1. You only told half of what i did. You told about the Wii part but did not compare it to the PS3/360 part. The closest IBM counterpart to the PS3 360 part would be 2007's POWER6 as it is also an in-order CPU with high frequency and it would be foolish to think that IBM did not apply whatever lessons they learn from the PS3's PPE design to the POWER6 design. The closest IBM counterpart did not receive a 45nm shrink whereas the Cell and Xenon did.
2. IBM is keeping quite mum about their roadmap in general. All we know is that there is a POWER7+ coming sometime in 2011 or 2012 and that they are working on POWER8. The fact that IBM does not talk about their roadmap does not mean that they are not working on future power processors at 32nm, whether they be power7, power7+ or power8.
3. None of which disagrees with my contention that targeting 32nm for next year was a choice Nintendo had that they didn't take. Giving reasons while it is better to be conservative and choose 45nm does not undermine my point, it supports it.
4. I never said that it couldn't shrink later in life. I only said that Nintendo was being conservative by choosing to design at 45nm today for a chip to be produced next year. When the 32nm process is more mature I am sure that Nintendo will consider transitioning to it and if they think it makes sense to do so they will, if they think it doesn't make sense, they won't.
5. Maybe because the yield are too poor still, maybe because shrinking a die takes time and they haven't finished the work yet, maybe because the cost savings of manufacturing at 32nm do not justify the cost of shrinking it. Take your pick, there are plenty of reasons, and none of them mean that Sony does not have the choice to do so.

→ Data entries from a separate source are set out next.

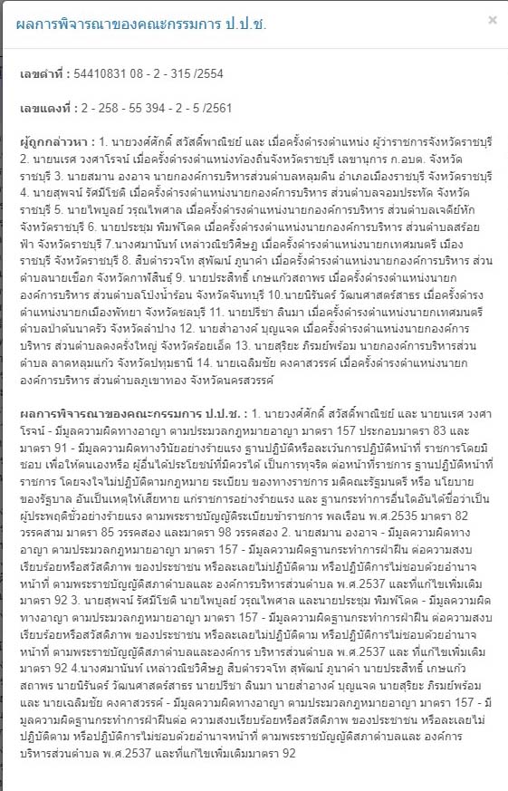 ผลการพิจารณาของคณะกรรมการ ป.ป.ช. มีดังนี้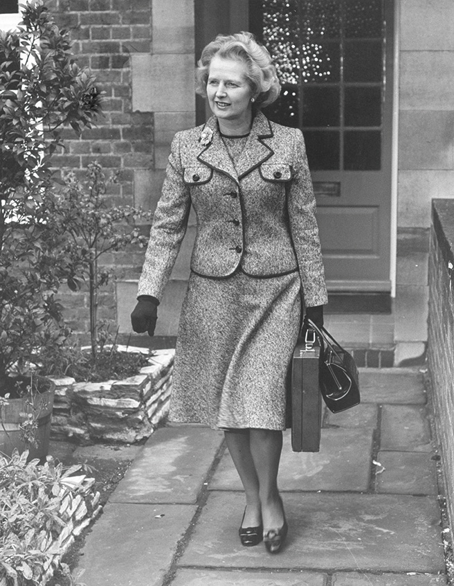1979년 영국 최초의 여성 총리 자리에 올라 세 번을 재임한 마거릿 대처는 정치인의 수많은 덕목 중에 패션도 포함된다고 생각했다. 특히 언제 어디서나 갖고 다니는 블랙 컬러의 라우너(Launer) 핸드백은 대처의 카리스마를 발산하는 데 큰 역할을 했다. 핸드백 속에는 그녀가 좋아하는 책이나 스크랩 자료들이 가득했으며, ‘자기 주장을 강하게 내세운다’는 뜻의 핸드배깅(handbagging)이라는 신조어까지 탄생시켰다. 2013년 마거릿 대처의 서거 소식 이후 라우너 핸드백의 매출이 53% 올랐다는 뉴스를 통해 대처의 패션 영향력을 실감할 수 있다.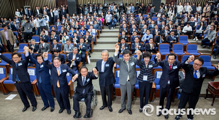 과반을 획득한 후보가 없기에 우원식우상호 후보간의 결선투표가 곧바로 진행된다.4일 오후 서울 여의도 국회에서 열린 더불어민주당 원내대표 선거에서 원내 지도부와 선거관리위원장을 비롯한 후보들이 손을 맞잡고 사진촬영을 하고 있다. 왼쪽부터 우원식 후보, 노웅래 후보, 강창일 후보, 이상민 후보, 김종인 비상대책위 대표, 이종걸 원내대표, 김영주 선거관리위원장, 우상호 후보, 민병두 후보. 2016.05.04 강진형 기자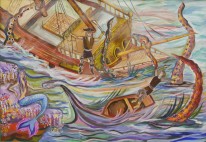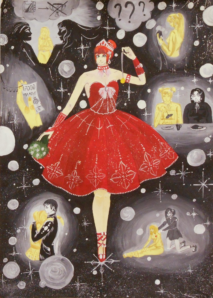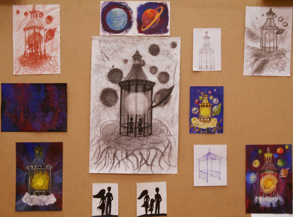 - в ряде случаев учащиеся выбирали для изображения сложные философские, почти метафизические мотивы, но недостаток жизненного опыта, насмотренность на китчевые образцы подобных творений в интернете, незнание сложных предпосылок сюрреализма, «магического» реализма усугубляло «литературность», «безжизненность» и пошлость подобных трактовок."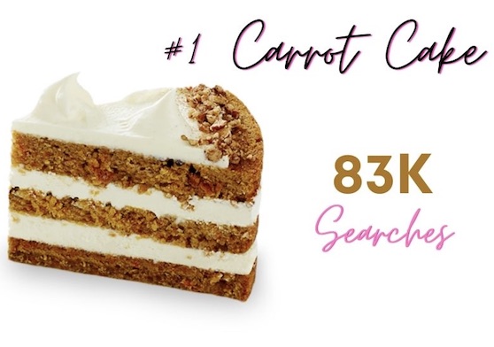 Ranking No. 4 is Chocolate Cake with 383,000 searches, while Red Velvet Cake comes in fifth with 342,000 clicks. Next in sixth place is Lemon Cake with 88,000 searches, followed by seasonal superstar Christmas Cake with 82,000 searches.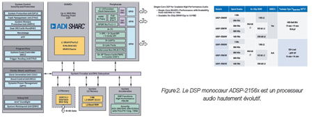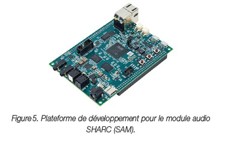Il apparaît clairement qu’un DSP spécialement conçu pour les applications audio repose sur un écosystème nettement plus solide pour développer des systèmes acoustiques complexes, qu’il s’agisse des bibliothèques d’algorithmes, des pilotes de périphériques optimisés, des systèmes d’exploitation en temps réel (RTOS) ou des outils de développement d’utilisation aisée. De plus, si les plateformes de référence dédiées aux applications audio (la plateforme audio SHARC d’ADI illustrée à la figure 5, par exemple) et capables d’accélérer la mise sur le marché sont peu nombreuses pour les SoC, elles sont relativement courantes sur le marché des DSP audio autonomes.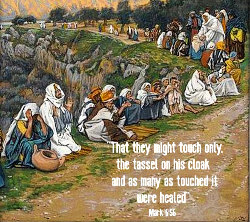 A. Jesus casually walking on water to catch up with His disciples rowing their boat against a headwind. Peter left out the part here where he walked on water too. B. We see Jesus multiply 5 loaves of bread and two fish to feed 5,000 men, with the Twelve each collecting a basket full of leftovers.C. And we see Jesus back across the Sea of Galilee healing multitudes of sick people who lined the road just to touch the edge of His cloak as He walks by.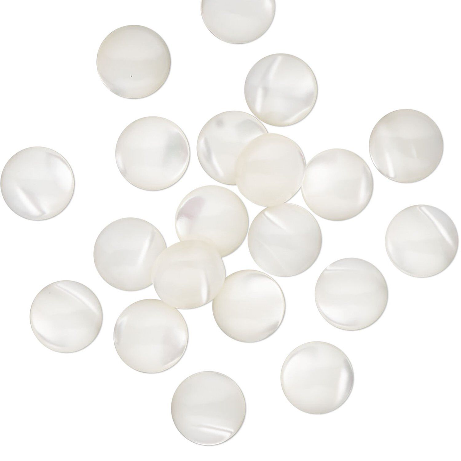 Cabochon, mother-of-pearl shell (bleached), 7mm non-calibrated round, Mohs hardness 3-1/2. Sold per pkg of 20.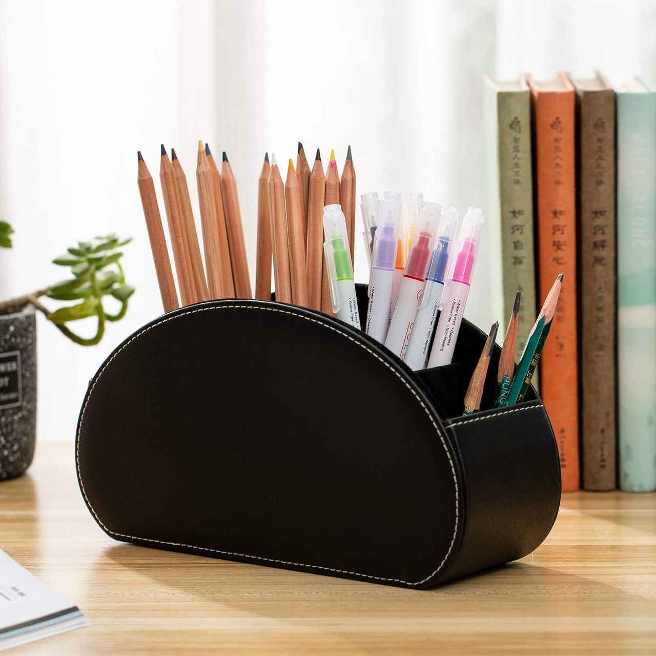 書斎:プロや学生に、収納ケースとしてペンホルダーとして画筆、鉛筆、定規、消しゴムなど様々な文房具を収納できます。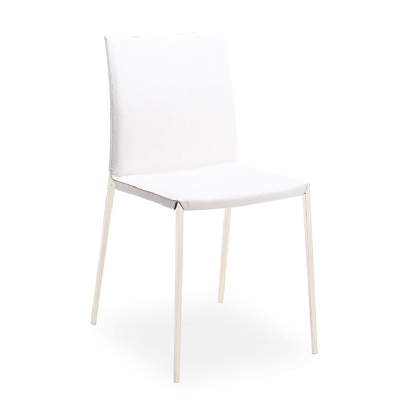 Struttura in lega di alluminio lucidato oppure verniciato. Sedile e schienale imbottiti in poliuretano. Rivestimento sfilabile in stoffa o in pelle oppure non sfilabile in cuoio. A richiesta viene fornita una fodera coprisedia da calzare senza fissare: in tessuto 100% cotone, colore bianco, disponibile sia corta che ricopre sedile e schienale, sia lunga che ricopre anche le gambe.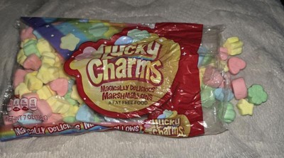 Don't be fooled- it says lucky charms so thought a bag of marshmallows of what the cereal has. They are just cute shaped and multi colored normal marshmallows. The kids enjoy them. I feel deceived and let down- but my bad.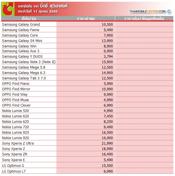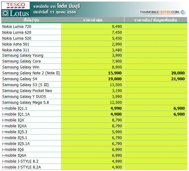 สวัสดีครับ หลังจากที่งาน Thailand Mobile Expo 2013 Showcase ได้ปิดฉากลงไป ก็น่าจะมี สมาร์ทโฟน รุ่นใหม่หลายๆ รุ่นที่วางจำหน่ายเป็นครั้งแรกในงานนี้ เริ่มทยอยวางจำหน่ายในห้างโลตัส และบิ๊กซี ด้วยเช่นกัน ยกตัวอย่างเช่น OPPO Find Way S ซึ่งวางจำหน่ายครั้งแรกที่งาน Thailand Mobile Expo 2013 Showcase ที่ผ่านมา และทาง OPPO เคาะราคา OPPO Find Way S ออกมาที่ 12,990 บาท โดย OPPO Find Way S จะมาพร้อมกับจอแสดงแบบ IPS ขนาด 5 นิ้ว ความละเอียดระดับ HD (1280×720 พิกเซล) และใช้ซีพียูระดับ Quad-Core เป็นขุมพลังในการขับเคลื่อน พร้อมด้วยกล้องดิจิตอลตัวหลักที่ด้านหลังของตัวเครื่อง ความละเอียด 8 ล้านพิกเซล และกล้องดิจิตอลขนาดเล็กที่ด้านหน้าของตัวเครื่อง ความละเอียด 5 ล้านพิกเซล ที่สำคัญ ยังมากับฟังก์ชัน Beauty Plus เวอร์ชัน 3.0 และฟังก์ชัน Cosmetic สำหรับตกแต่งภาพ และยังใช้ระบบปฎิบัติการแอนดรอยด์เวอร์ชัน 4.2.1 (Jelly Bean) พร้อมรองรับการใช้งานถึง 2 ซิมการ์ดอีกด้วย กลับมาที่ราคา HyperMarket กันบ้าง โดยการสำรวจราคาครั้งนี้จะเป็นการสำรวจราคามือถือที่ โลตัส สาขามีนบุรี และบิ๊กซี สาขาสุวินทวงศ์ จากการสำรวจพบว่าสมาร์ทโฟนที่เคยเป็นรุ่นไฮไลท์อย่าง Samsung Galaxy Note II และ Samsung Galaxy S III หรือ Nokia Lumia 620 และ Nokia Lumia 720 ได้มีการปรับราคาลดลงกว่าเดิมมาก และไม่เพียงเท่านั้น ยังมีรุ่นอื่นๆ ที่ยังมีการปรับราคาลงเช่นเดียวกัน ส่วนจะมีรุ่นอะไรบ้างนั้น ไปชมพร้อมกันได้เลย ราคามือถือ จาก โลตัส (มีนบุรี) ประจำวันที่ 11 ตุลาคม 2556  บรรยากาศหน้าห้างโลตัส สาขามีนบุรี : แผนที่
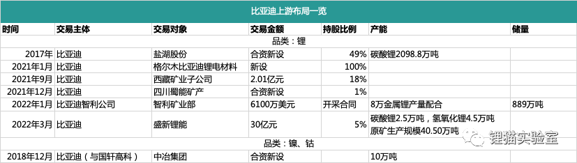 比亞迪的鋰礦投資相對寧德時代來說,數量和金額上都更為保守。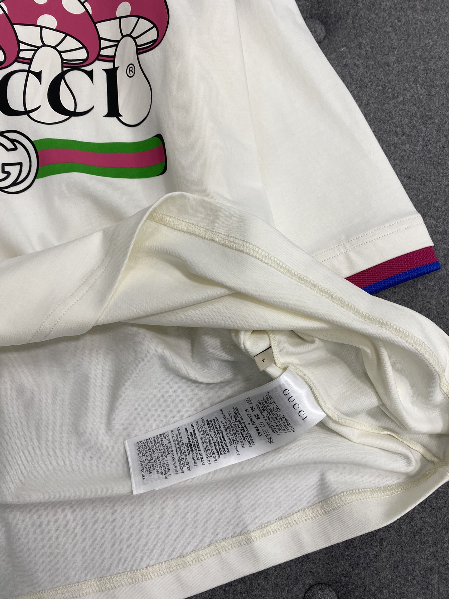 • TJ공장 구찌 핑크 버섯 배색 반팔티 아이보리 Gucci

To put it another way, just because you can do something (target your design at 32nm) does not mean that it is the best course of action. Your argument is that it can't be done, mine is that it can be done but isn't the best course of action (or rather that Nintendo doesn't think it is). You prop your argument with possible reasons why it is not the best course of action and that such a chip not existing today means it cannot be in design stage today.
The former reinforce my argument and the later is asinine as the whole point of Nintendo paying IBM to design a custom chip is to have a chip that doesn't exist today. It is the equivalent of saying, in 2004, that the next Microsoft console (Xbox 360) cannot have a 3-core in-order PowerPC running at 3.2GHz because IBM does not produce any 3-core in-order PowerPC nor do they produce PowerPC with a frequency as high as 3.2GHz (at that time of course).
Actually that would have made more sense than your argument, because we didn't know that IBM was working on such a chip, whereas we know that both POWER7 architecture and 32nm process work, so the only work remaining is to port the former to the latter.